AD/AS Flashcards
What is the expenditure method for calculating aggregate demand?
Consumer expenditure + Investment expenditure + Government expenditure + Net exports
This method sums up all expenditures in an economy to measure aggregate demand.
What are the three effects that explain the negative slope in aggregate demand?
- The wealth effect
- The interest rate effect
- The net balance effect
These effects illustrate how changes in price levels can influence overall demand in the economy.
What are the five factors that determine investment?
- Interest rates
- Business confidence
- Technology
- Business taxes
- Level of corporate debt
Each factor plays a significant role in influencing business investment decisions.
How do interest rates affect business investment?
They determine whether businesses invest or not.
Higher interest rates can discourage investment due to increased borrowing costs.
What role does business confidence play in investment decisions?
The health of the economy influences future planning and spending by businesses.
A looming recession can lead firms to refrain from expansion.
How does technology impact aggregate demand?
Investment in technology causes growth and allows efficient resource use, shifting AD to the right.
However, technological investment can be costly and requires training.
What effect do business taxes have on investment?
Higher taxes reduce excess money for firms to spend, discouraging investment.
Lower taxes can encourage firms to invest more.
How does the level of corporate debt influence aggregate demand?
High corporate debt can shift AD to the right in the short run but may shift it left in the long run.
This reflects the balance between investment and repayment pressures.
What impact does government spending have on the economy?
It affects aggregate demand and depends on the government’s economic priorities.
Government spending can stimulate or contract the economy.
How do net exports influence aggregate demand?
They can generate growth, particularly in countries reliant on their trade balance.
A healthy export market can boost AD.
What is the relationship between the income of trading partners and net exports?
If AD shifts right for one country, the same occurs for its trading partners.
A slowdown in one country can negatively impact its trading partners’ exports.

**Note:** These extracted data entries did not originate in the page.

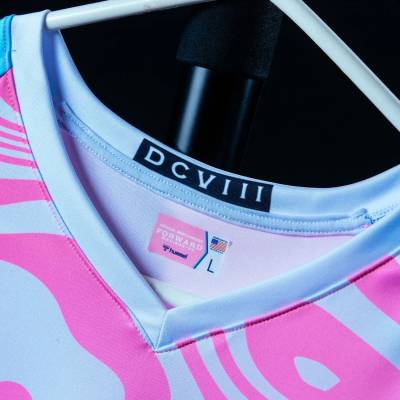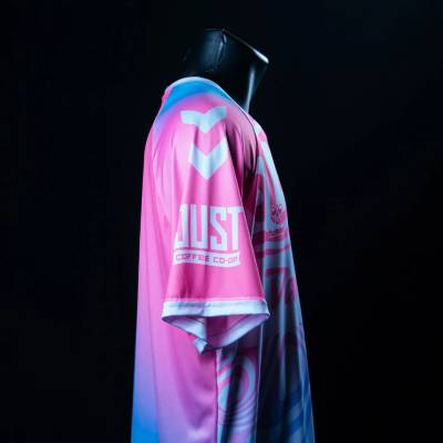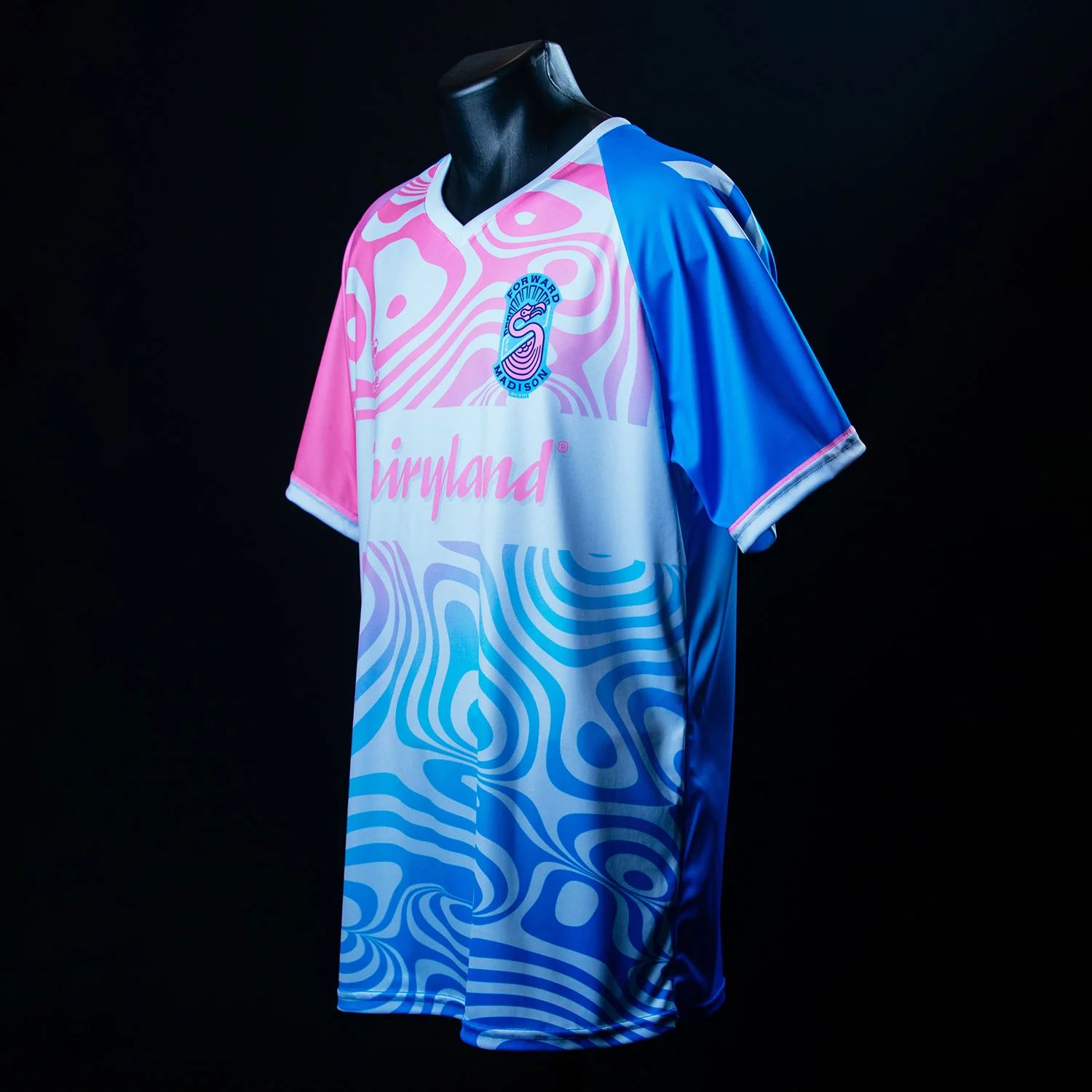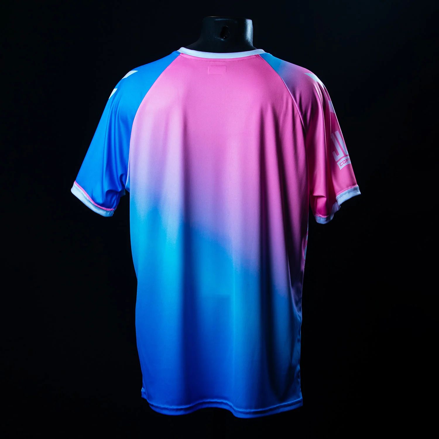 Dubbed as the Lava Lamp Pre-Match Top, this shirt showcases a combination of pink and light blue hues, with one pink and one light blue sleeve.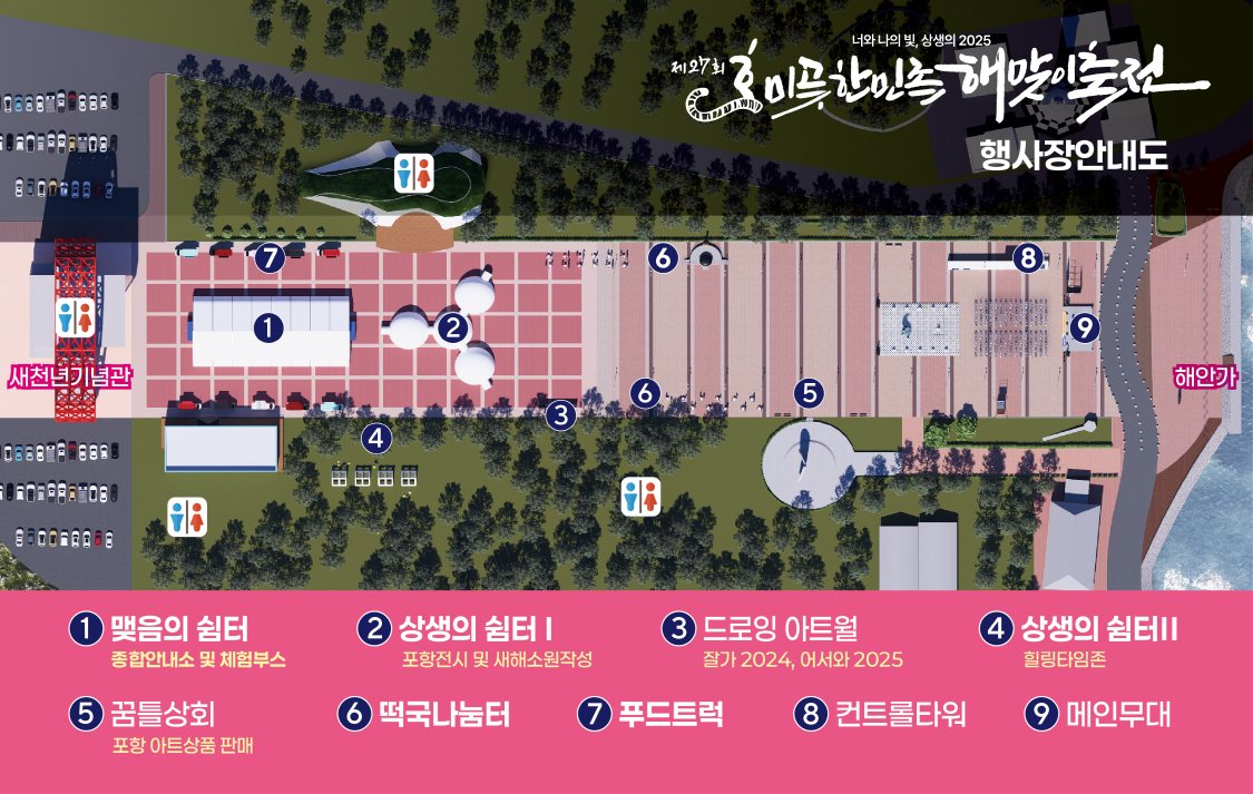 자가용: 행사장 주변에 마련된 임시 주차장을 이용하실 수 있으며, 혼잡을 피하기 위해 서둘러 도착하는 것이 좋습니다.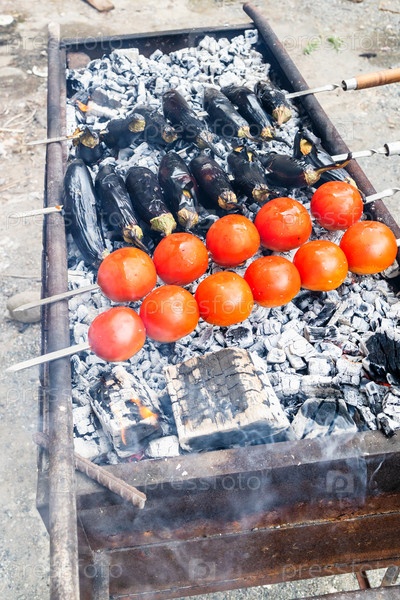 Нанизанные на шампуры свежие овощи жарятся на мангале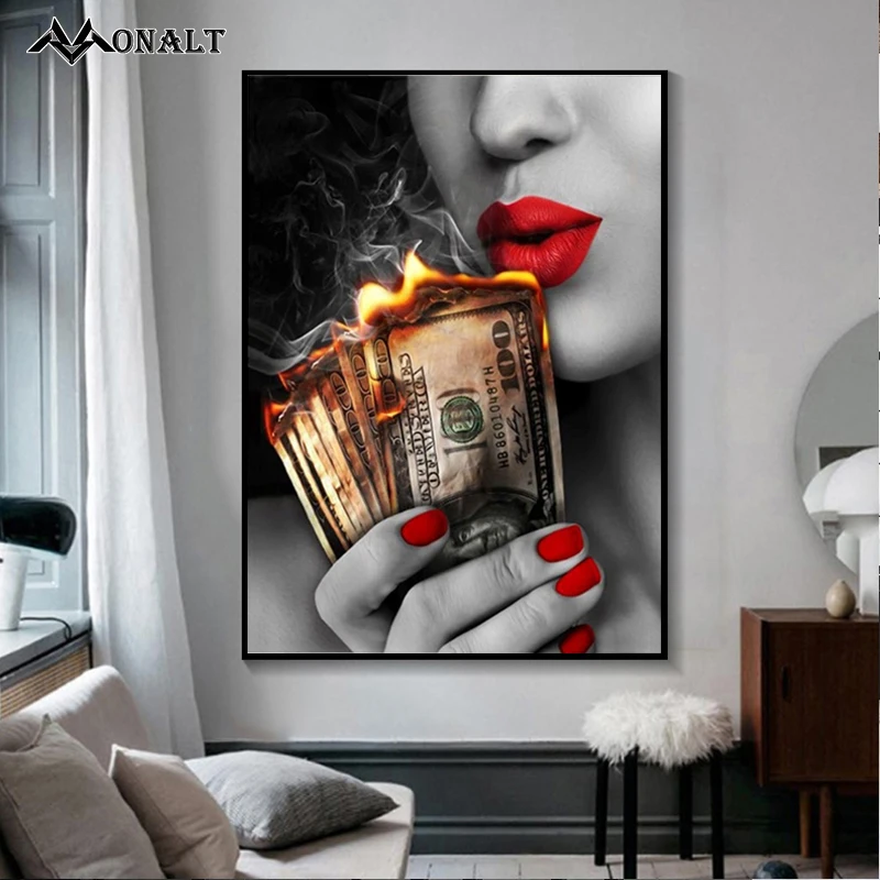 Сжигание денег и женщин холст ПЕЧАТЬ Плакаты для комнаты настенное искусство картина Скандинавское творчество HD рисунок декоративные картины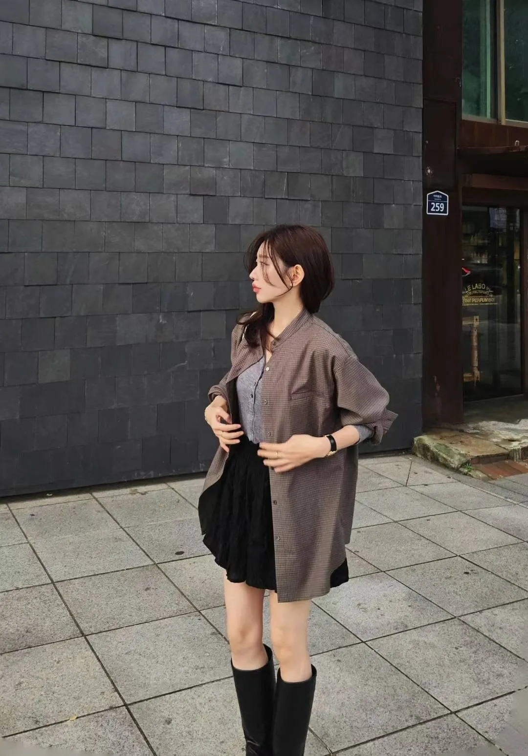 ★搭配:亨利領天絲羊毛T+miu里miu氣小褲裙

How do exchange rates affect aggregate demand?
Appreciation increases costs for imports, while depreciation can shift AD to the right.
Exchange rates directly influence the price competitiveness of goods.
What are some ways countries can restrict trade to influence aggregate demand?
- Imposing tariffs on imports
- Restricting the number of imports through quotas
Such policies can lead to a decrease in aggregate demand.
What is Aggregate Demand (AD)?
The total demand for goods and services produced in an economy, consisting of consumption expenditure, government expenditure, investment spending, and spending on net exports.
(c + G + I + (X - M)) = AD
What shapes the aggregate demand curve?
The aggregate demand curve is influenced by factors such as the wealth effect, interest rate effect, and net balance effect.